AIM OF THE TASK >> Every line of the data below is to be given again as it appears, with the images removed.

COLLECTED DATA >>
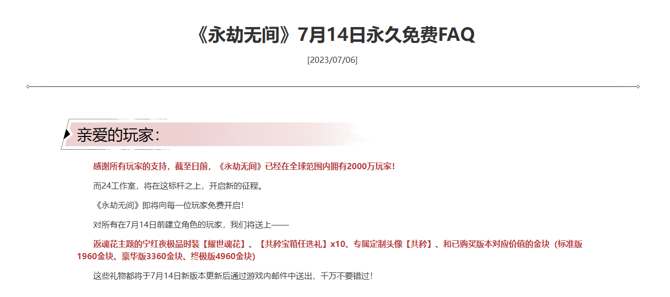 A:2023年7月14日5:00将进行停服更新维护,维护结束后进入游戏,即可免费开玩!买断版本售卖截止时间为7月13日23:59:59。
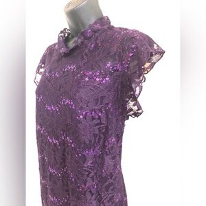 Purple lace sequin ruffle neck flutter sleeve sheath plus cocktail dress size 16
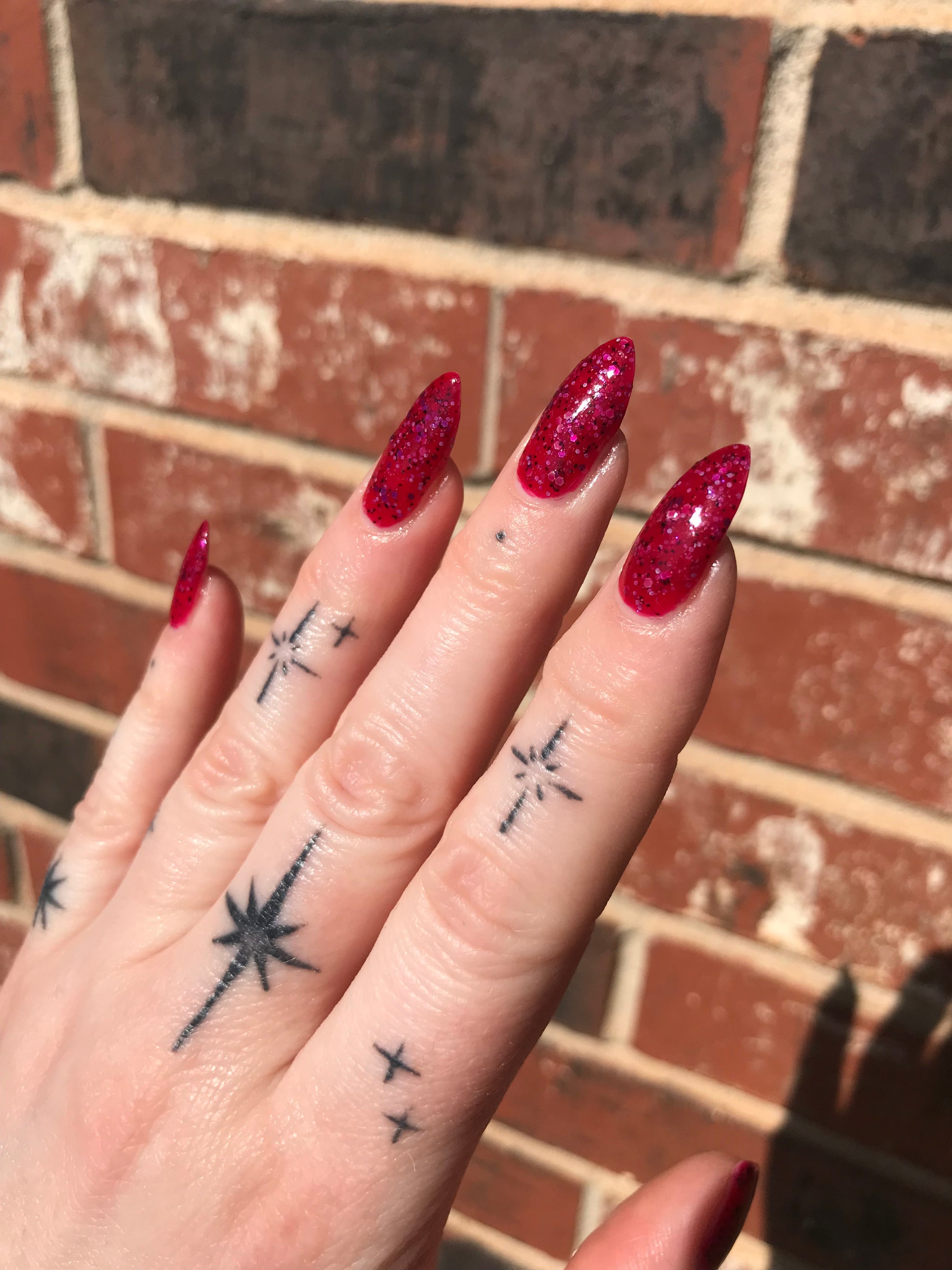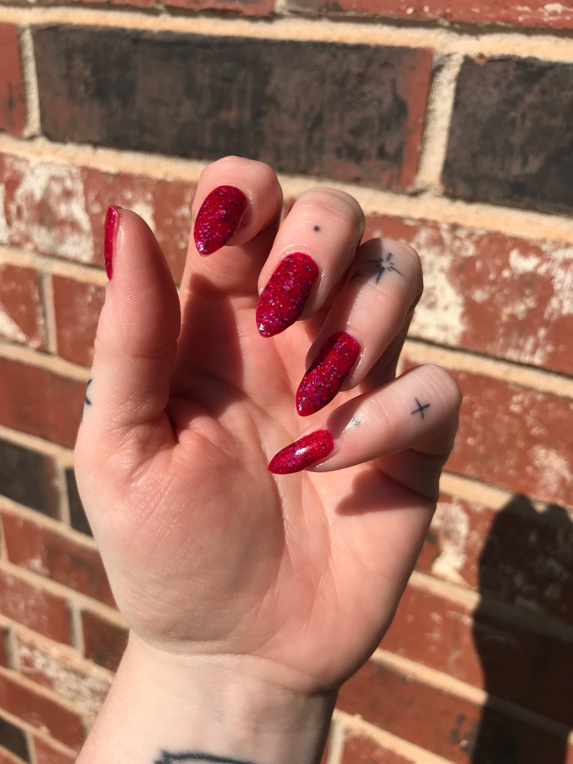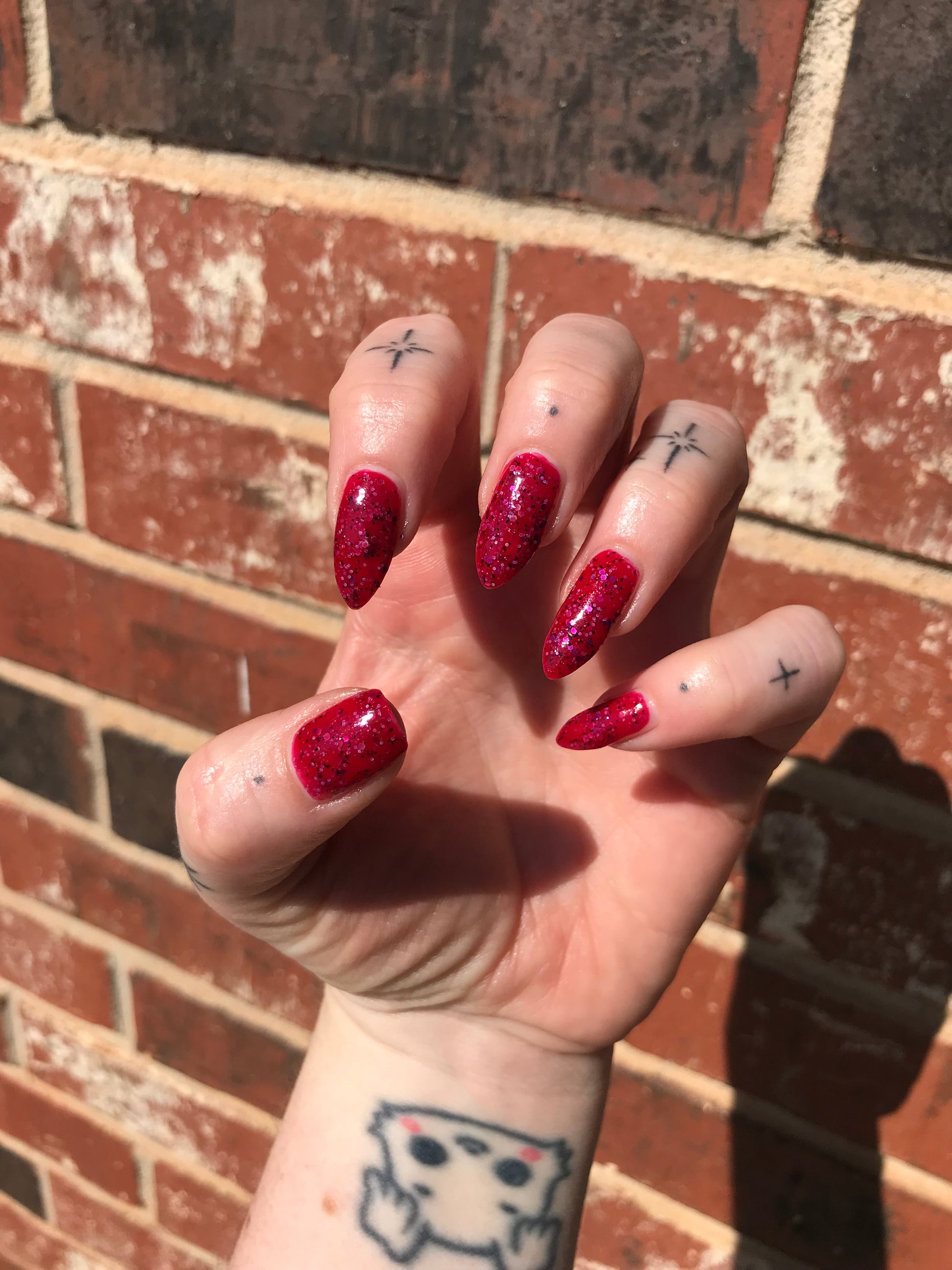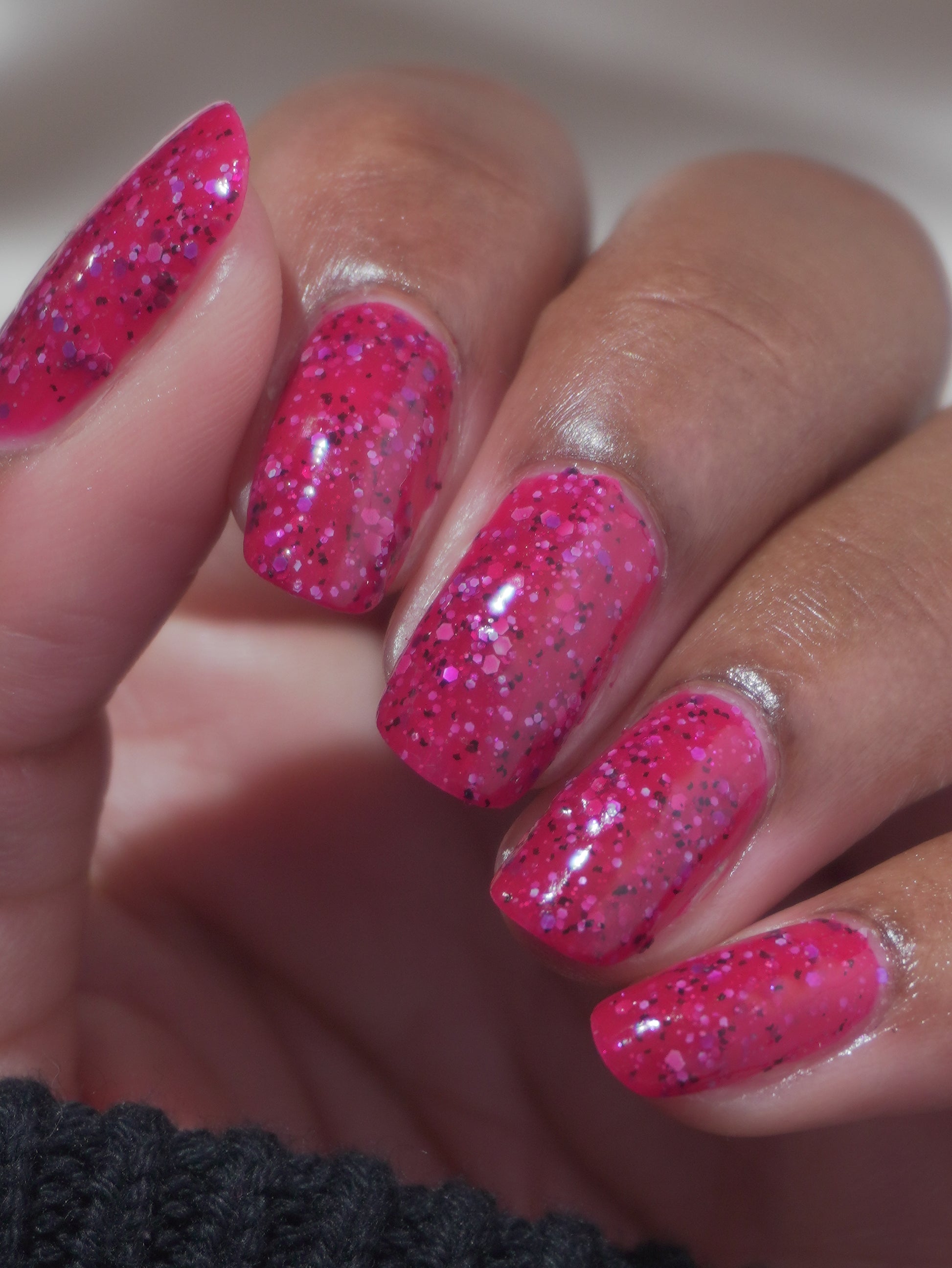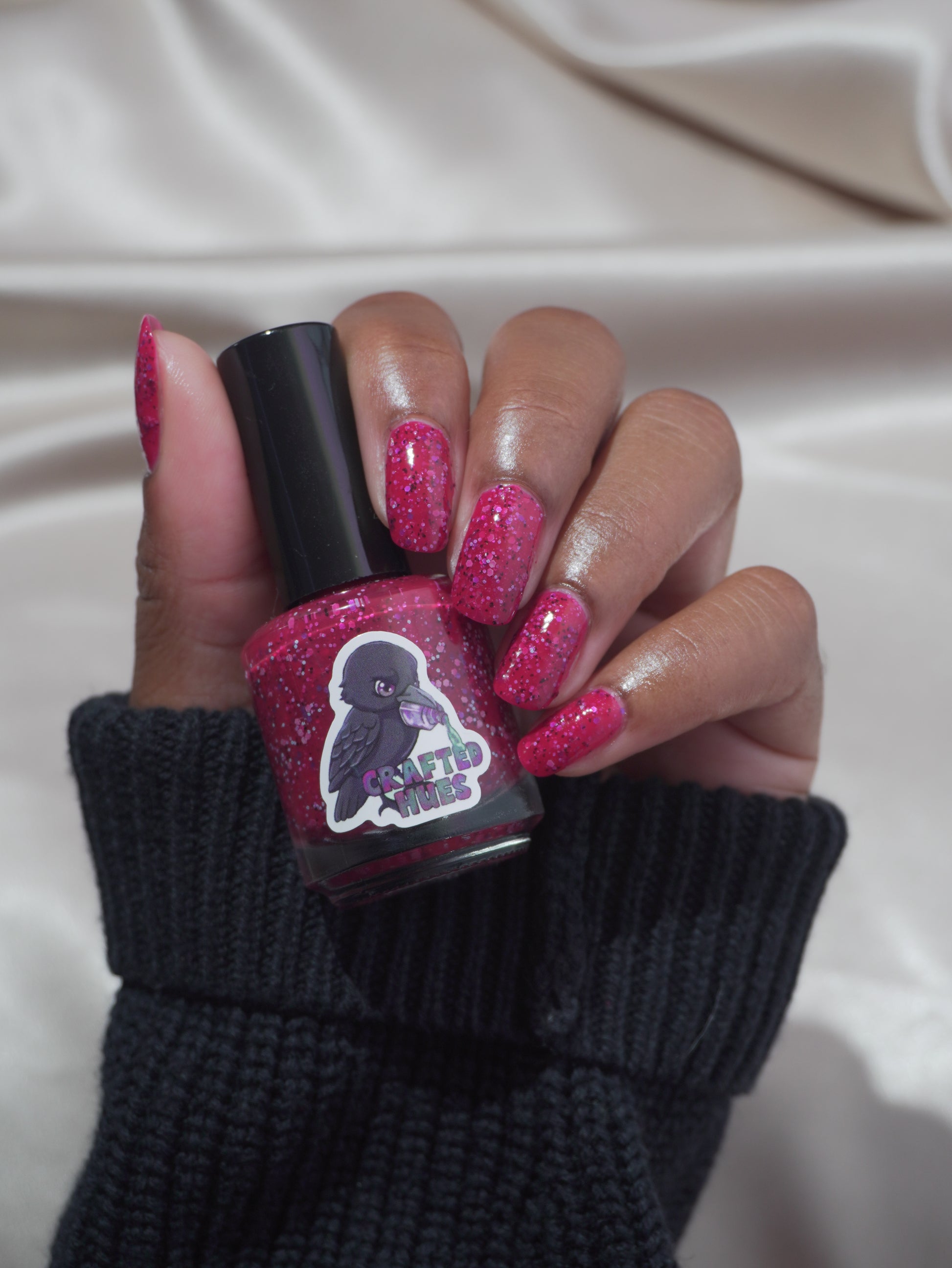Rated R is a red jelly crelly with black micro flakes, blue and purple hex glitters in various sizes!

THE COMPLETED TASK >>
 A:2023年7月14日5:00将进行停服更新维护,维护结束后进入游戏,即可免费开玩!买断版本售卖截止时间为7月13日23:59:59。
 Purple lace sequin ruffle neck flutter sleeve sheath plus cocktail dress size 16
Rated R is a red jelly crelly with black micro flakes, blue and purple hex glitters in various sizes!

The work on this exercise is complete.